Edward Kessler, Vice President of Engineering
Eddie Kessler supervisiona todos os aspectos tecnológicos das operações do Napster e lidera o crescimento e implementações de todos os seus núcleos tecnológicos.

Eddie é graduado em psicologia percepção musical em Harvard University, e tem feito estudos avançados em Standford NYU, Columbia, and RPI.

Lyn Jensen, Chief Financial Officer and Vice President of Operations
Lyn Jensen é responsável pelas finanças, contabilidade, recursos humanos, administração, orçamento, planejamento e operações.
Lyn é graduado na Golden Gate University. Ela recebeu sua licença CPA na California.

Don Dodge, Vice President Of Product Development
Don Dodge é responsável pela Engenharia de Software do Cliente, gerenciamento do produto e desnvolviemtno de negócios.
Don é bacharel em contabilidade em University of Southern Maine e M.B.A. em New Hampshire College.

Elizabeth Brooks, Vice President Of Marketing
Liz Brooks é responsável por todas as atividades de marketing.

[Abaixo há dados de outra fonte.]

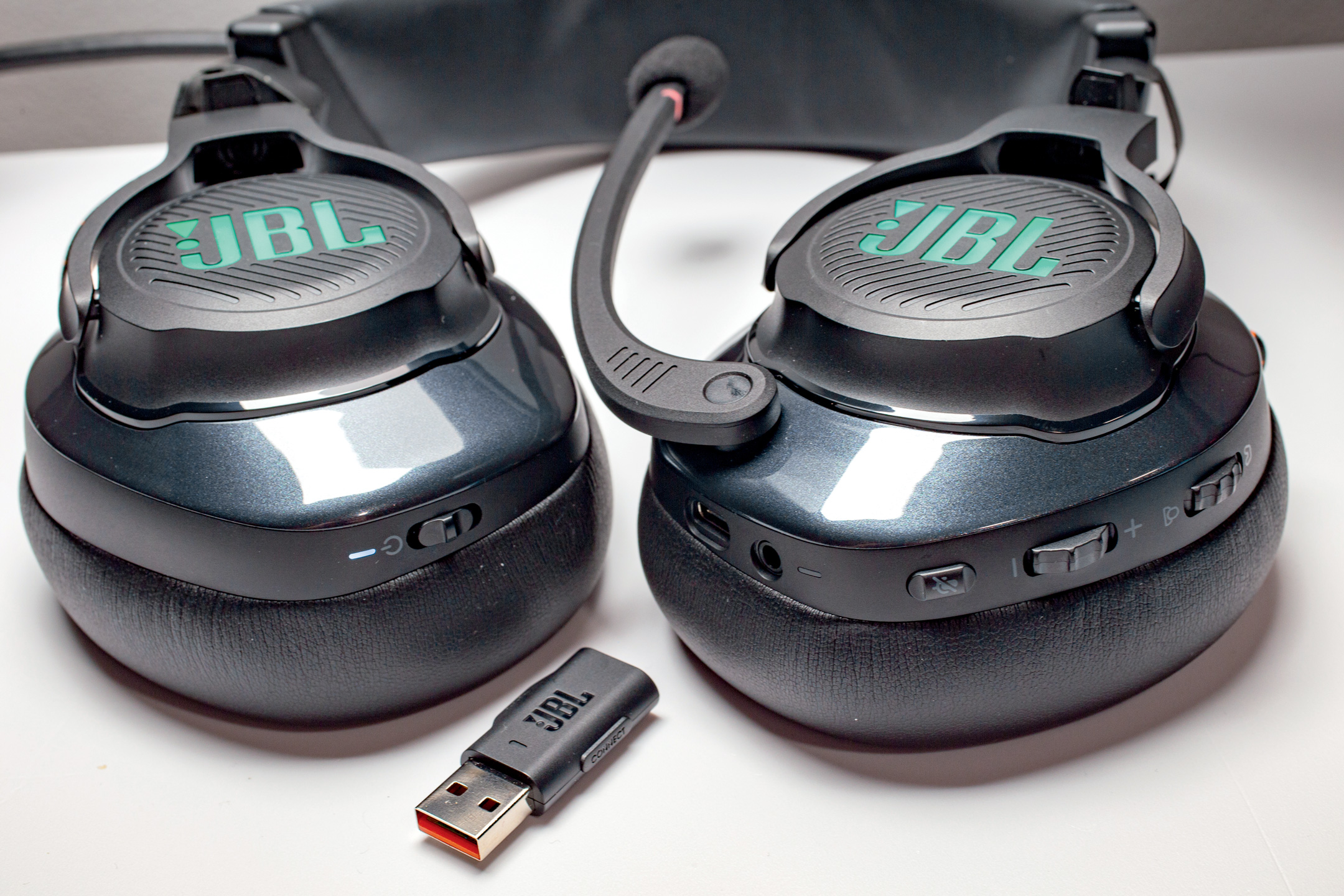 Gornji dio mosta je plastičan, no nudi solidnu razinu savijanja, dok je unutarnja strana ponovno opremljena solidnom spužvom prekrivenom umjetnom kožom za premium dojam. Desna slušalica ima prekidač za paljenje koji stoji u srednjoj poziciji i omogućuje slušalicama da odu u mod „spavanja“ kada ih ne koristite, a jednostavno ga ponovno povučete do kraja da se upale. Lijeva slušalica ima više opcija, gdje su osim USB-C utora za punjenje i 3,5 mm audio utor te gumb za gašenje mikrofona, iako se on gasi i kada ga fizički podignete. Tu su još dva valjka, gdje jedan kontrolira glasnoću slušalica, dok drugi kontrolira jedinstvenu funkcionalnost slušalica gdje se audio mijenja tako da se stišavaju sve frekvencije te u fokus dolazi ljudski govor. Tako imate opciju bolje čuti razgovore prijatelja na voice chatu dok igrate. U stereo načinu rada dobivate vrlo čist zvuk, s istaknutim dubljim tonovima za „življi“ doživljaj i naravno, efektivnije eksplozije i akciju u igrama. No, cilj slušalica je da vam dočara odličan surround efekt. Za to će vam biti potreban JBL QuantumENGINE softver koji osim detaljnih EQ postavki za prilagodbu zvuka vlastitim željama, nudi opcije prostornog zvuka u obliku DTS:Headphone X 2.0 standarda ili pak JBL-ovog vlastitog rješenja koje preuzima podatke s Windowsa gdje u postavkama također morate postaviti 7.1 izlaz, a te podatke onda JBL pretvara u surround iskustvo koje također možete optimizirati na temelju željene veličine virtualnog prostora, kao i prema vašoj veličini glave.

Após conhecer um pouco da empresa, e podermos avaliar a potência que ela é, tanto se falando financeiramente, quanto tecnologicamente, consequência dos seus profissionais. Antes de conhecer as transformações causadas pelo Naspter em várias instituições, vamos entender alguns conceitos tecnológicos que o acompanham e o seu conceito:

O que é o Napster?

Napster é um software que nos permite encontrar uma música, pela conexão de um computador com outros milhares utilizados por outros usuários. Napster é o caminho mais simples para localizar uma música em formato MP3, que pode ser compartilhada por várias pessoas de uma comunidade de música

Para que esta definição fique clara, é importante que se conheça todos os aspectos que estão envolvidos na tecnologia utilizada pelo Napster.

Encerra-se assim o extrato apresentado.